В «Берлин, Александерплац» Фасбиндер как истинный диалектик и брехтианец[5] сначала остраняет модернистский роман в более или менее реалистической мелодраме, а на следующем витке остраняет и дистанцирует это реалистическое повествование гипертеатрализацией, эстетикой поп‑арта. Или так: сначала ретерриториализирует по определению детерриториализированное модернистское произведение, а потом снова его детерриториализирует. Можно прочитать Ригведу в Майн Риде, но можно и наоборот — Майн Рида в Ригведе, и отнюдь не обязательно это будет понижение Ригведы в культурном статусе.

С одной стороны, к «Эпилогу» у Фасбиндера как будто накопилась некоторая неудовлетворенность: в эссе, которое он написал о романе и о работе над фильмом, он подчеркивает, что у Дёблина маленькие, незначительные люди превращаются в фигуры, наделенные сверхчеловеческими способностями к страданию, сознанию и воображению. Но это типично модернистское укрупнение маленького человека и доведение повседневных происшествий до мифологических масштабов по ходу действия как будто выпало из сериала, и в «Эпилоге» его приходится искусственно добавлять — заново остранять «разостраненное».

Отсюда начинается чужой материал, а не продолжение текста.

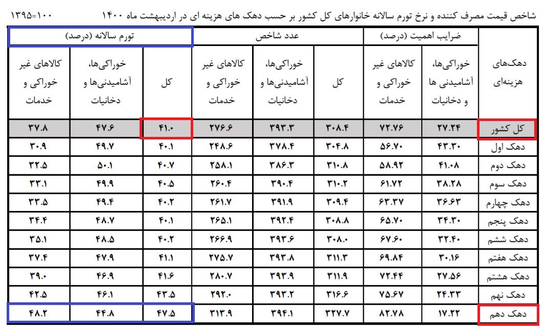 همچنین در دهک هزینه ای دهم در حالی با بیشترین نرخ تورم سالانه در سطح ۴۷.۵ درصد مواجه هستیم که نرخ تورم سالانه در بخش خوراکی ها و آشامیدنی های این دهک به رقم ۴۴.۸ درصد و در بخش کالاهای غیرخوراکی و خدمات به رقم ۴۸.۲ درصد رسیده است.

С другой стороны, для Фасбиндера прочитанный в пятнадцать лет роман Дёблина стал объектом, на который он спроецировал свои гомосексуальные фантазии и который помог сформироваться его идентичности. Если бы не этот роман, признавался Фасбиндер, он бы окончательно запутался, может быть, даже сошел с ума. Но, возвращаясь к роману в более поздние и зрелые годы, он отдает себе отчет в том, что это были его личные фантазии, и с осторожностью говорит о любви, настолько не опознаваемой, что она просто не могла вылиться в сексуальные отношения. У Райнхольда в тюрьме может быть вполне счастливая связь с сокамерником, он может наконец осознать и принять свою гомосексуальность, но это ничего не меняет для Франца, их отношения так и останутся невозможными. Поэтому сцена между Райнхольдом и его сокамерниками снята в реалистическом ключе, а каминг‑аут в отношениях Франца и Райнхольда может быть представлен только в крайне условной форме — как одна из деталей царящего в кадре хаоса из символов, ассоциаций, тел, предметов, образов и звуков. Приходится смешать все в безумном паратаксисе, чтобы одновременно показать и скрыть истину их отношений, потому что это та истина, которая не может быть высказана напрямую.

 

 

Перекодирование и остранение становятся указанием на невозможность каминг‑аута, хотя он вроде бы и происходит. Фасбиндер говорит о том, что Франц и Райнхольд любят друг друга, и тут же как будто берет свое высказывание назад. Сам роман Дёблина превратился для него в объект гомоэротической фантазии, и, экранизируя его, он словно реализует эту фантазию, в то же время на протяжении почти всего фильма уклоняясь, откладывая саму реализацию фактически до финала, пока наконец не находит для себя алиби в остранении и крайней условности формы.

 

 



[1] О рецепции «Берлин, Александерплац» см.: Shattuc J. Television, Tabloids, and Tears: Fassbinder and Popular Culture. Minneapolis: University of Minnesota Press, 1995. P. 163–192.

[2] Это утопическое измерение сексуальной и гендерной политики фильма «Берлин, Александерплац», как она представлена в фигурах Франца, Евы и Мице и в ее пересечениях с экономической политикой незаконных обменов черного рынка, описано в основополагающей статье Томаса Эльзессера Franz Biberkopf’s/ex‑changes: Elsaesser T. Fassbinder’s Germany. History, Identity, Subject. Amsterdam: Amsterdam University Press, 1996. P. 217–236.

[3] См.: Леман Х.‑Т. Постдраматический театр. М.: ABCdesign, 2013.

[4] В данном случае Фасбиндер верен литературному источнику: религиозный подтекст у Дёблина образует отдельный повествовательный план.

[5] Я опираюсь на широкое толкование Verfremdungseffekt, «остранения» у Брехта, предложенное в кн.: Jameson F. Brecht and Method. London: Verso, 1999.